Simple Definition of nefarious

  • : evil or immoral

Source: Merriam-Webster's Learner's Dictionary

Full Definition of nefarious

  1. :  flagrantly wicked or impious :  evil

nefariously adverb

Examples of nefarious in a sentence

  1. Moreover, those starry-eyed states inclined to perceive international relations in moral terms frequently underestimate the nefarious machinations of their competitors on the world political stage. —Richard Wolin, New Republic, 4 June 2001

  2. … I always give the same response: Just because Frank posed for pictures with every leading capo, underboss and cement contractor of the day doesn't mean that he joined them in their nefarious underworld activities.

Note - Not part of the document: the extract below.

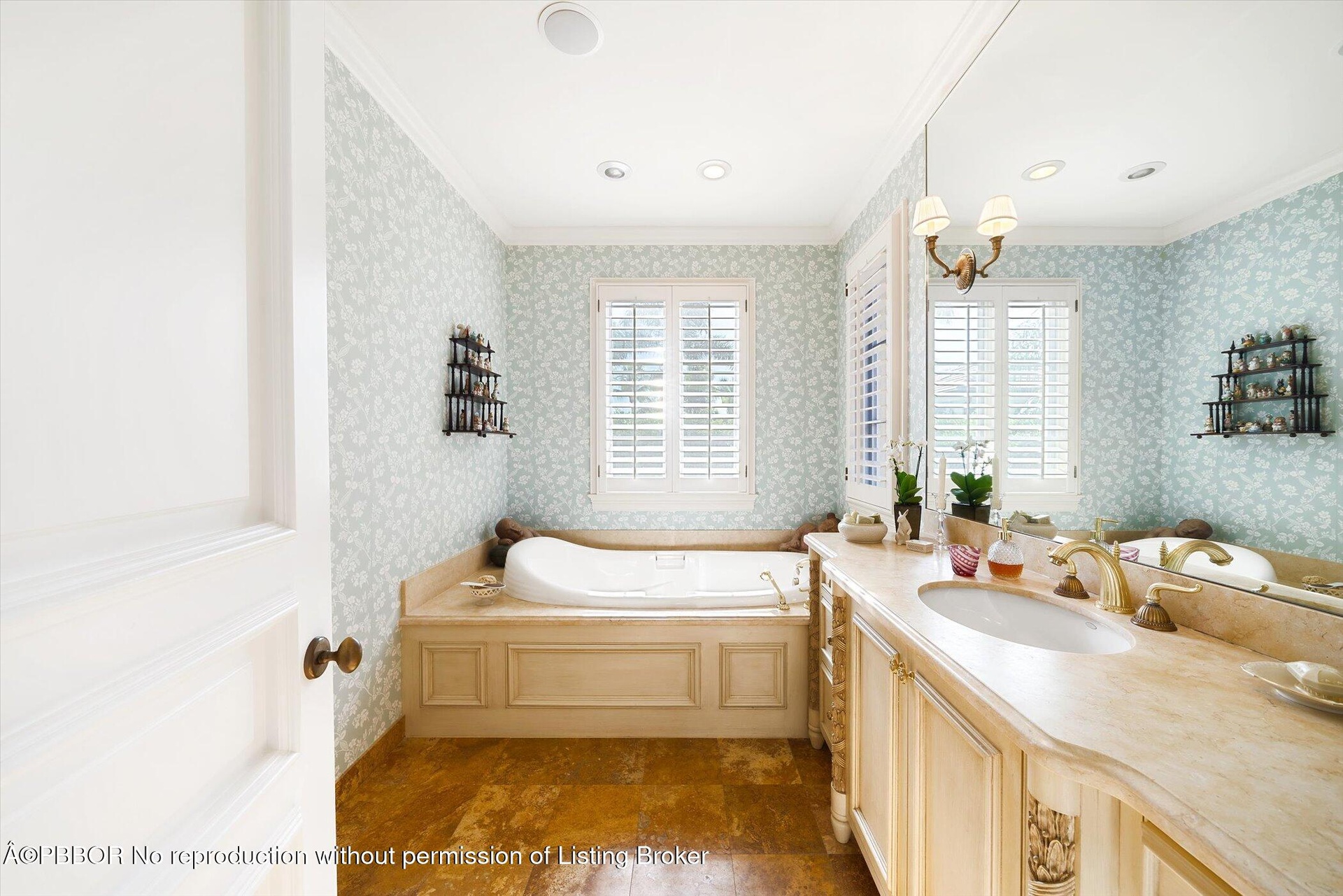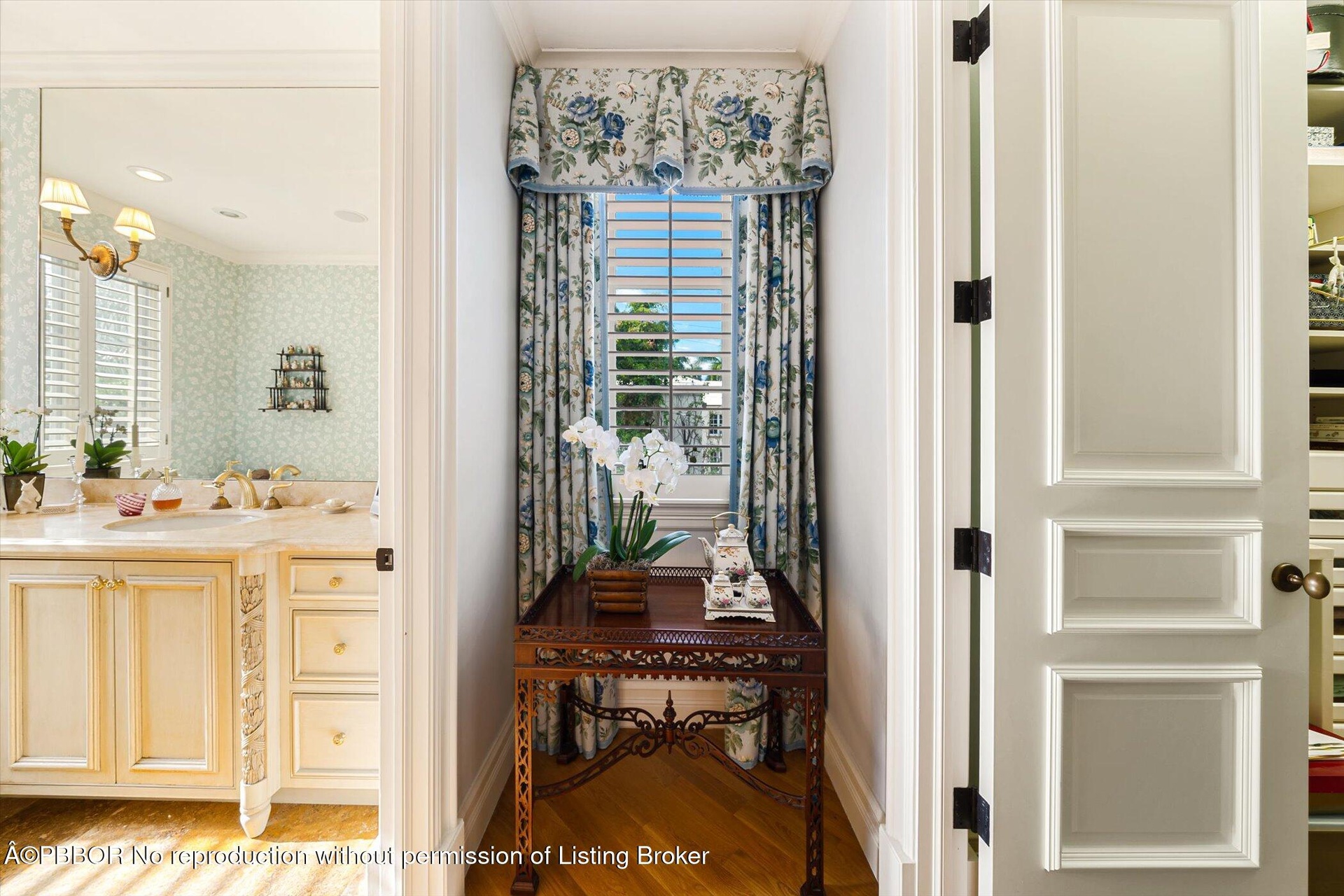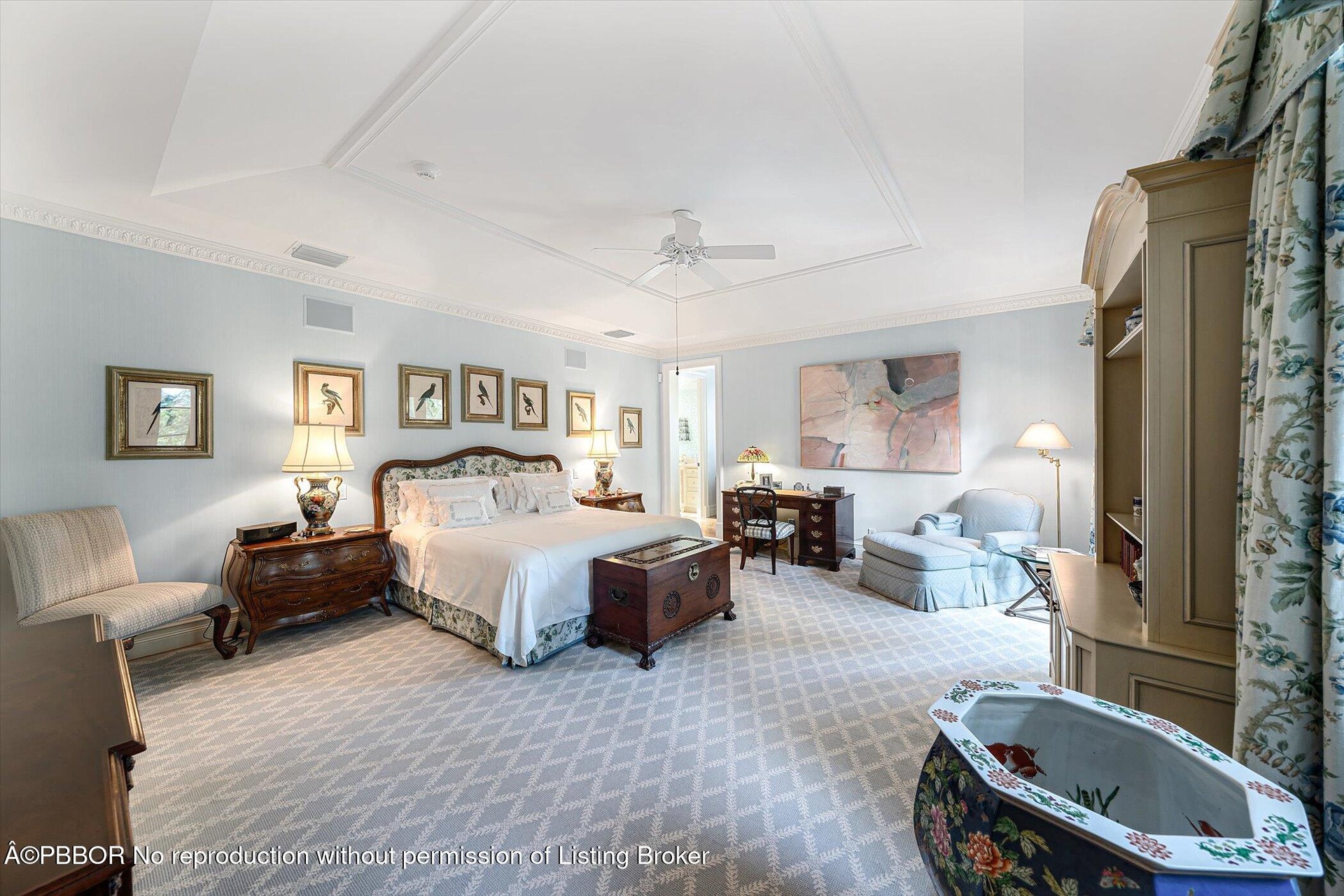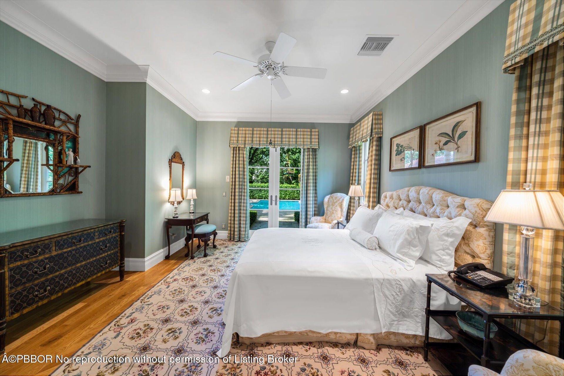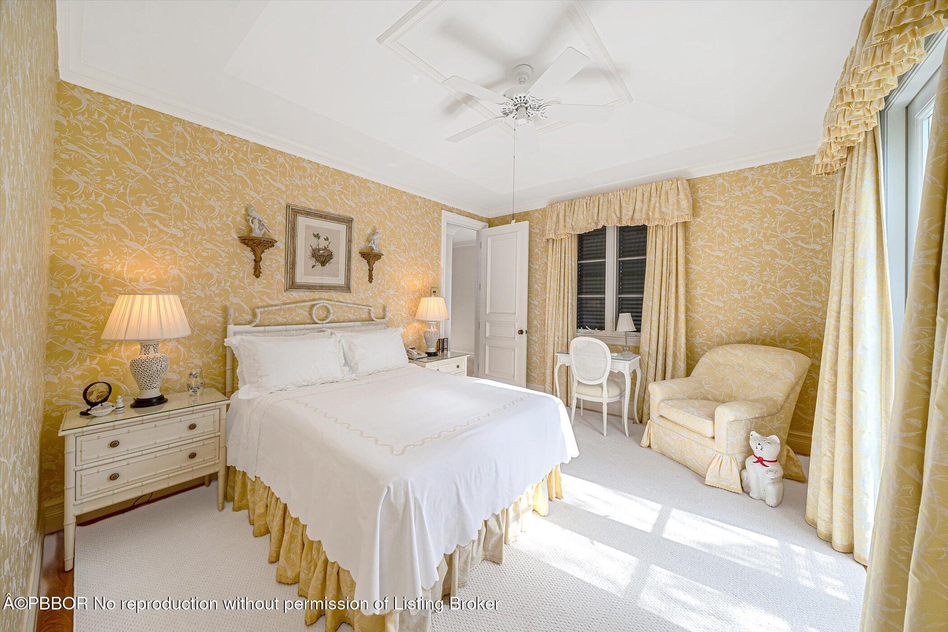 Nestled in the peaceful enclave of Coral Lane, this attractive 5-bedroom, 6-bathroom home offers an idyllic escape just moments from the vibrant heart of Palm Beach. Located a few blocks north of Main Street's shopping and dining, you will enjoy a quiet street with easy access to the best of the town. Spend evenings watching spectacular sunsets along the Lake Trail and mornings savoring the sand with direct access to Wells Road beach. Set on a generous 14,000 square foot lot, this impeccably maintained residence was built by Ecclestone Signature Homes and has only had one owner. With its timeless British Colonial architecture, the home is surrounded by lush tropical grounds that enhance its tranquil setting. The expansive design is both functional and elegant, with a two-car garage discreetly located at the rear of the property, allowing the grand entrance and forecourt to remain graciously uninterrupted.

Oh, occasionally he rode along on a hit or two, but that was just one of those social obligations … —Lewis Grossberger, Time, 21 Dec. 1998

  3. Three-tenths of a mile uphill from our mailbox on the road, that bend is so nefarious that neophytes often skidded into a snowbank or wound up fender-deep in mud there. —Maxine Kumin, In Deep, 1987

  4. a nefarious scheme to cheat people out of their money

  5. <the chaste heroines and nefarious villains of old-time melodramas>



Did You Know?

Vicious and "villainous" are two wicked synonyms of "nefarious," and, like "nefarious," both mean "highly reprehensible or offensive in character, nature, or conduct." But these synonyms are not used in exactly the same way in all situations. "Vicious" may imply moral depravity or it may connote malignancy, cruelty, or destructive violence. "Villainous" applies to any evil, depraved, or vile conduct or characteristic, while "nefarious" (which derives from the Latin noun nefas, meaning "crime") suggests flagrant breaching of time-honored laws and traditions of conduct. "Nefarious" first appeared in English in the early 17th century, whereas "vicious" and "villainous" preceded "nefarious" by about two hundred years.

Origin of nefarious

Latin nefarius, from nefas crime, from ne- not + fas right, divine law; perhaps akin to Greek themis law, tithenai to place — more at do


First Known Use: circa 1609

Synonym Discussion of nefarious

vicious, villainous, iniquitous, nefarious, corrupt, degenerate mean highly reprehensible or offensive in character, nature, or conduct. vicious may directly oppose virtuous in implying moral depravity, or may connote malignancy, cruelty, or destructive violence <a vicious gangster>. villainous applies to any evil, depraved, or vile conduct or characteristic <a villainous assault>. iniquitous implies absence of all signs of justice or fairness <an iniquitous system of taxation>. nefarious suggests flagrant breaching of time-honored laws and traditions of conduct <the nefarious rackets of organized crime>. corrupt stresses a loss of moral integrity or probity causing betrayal of principle or sworn obligations <city hall was rife with corrupt politicians>. degenerate suggests having sunk to an especially vicious or enervated condition <a degenerate regime propped up by foreign powers>.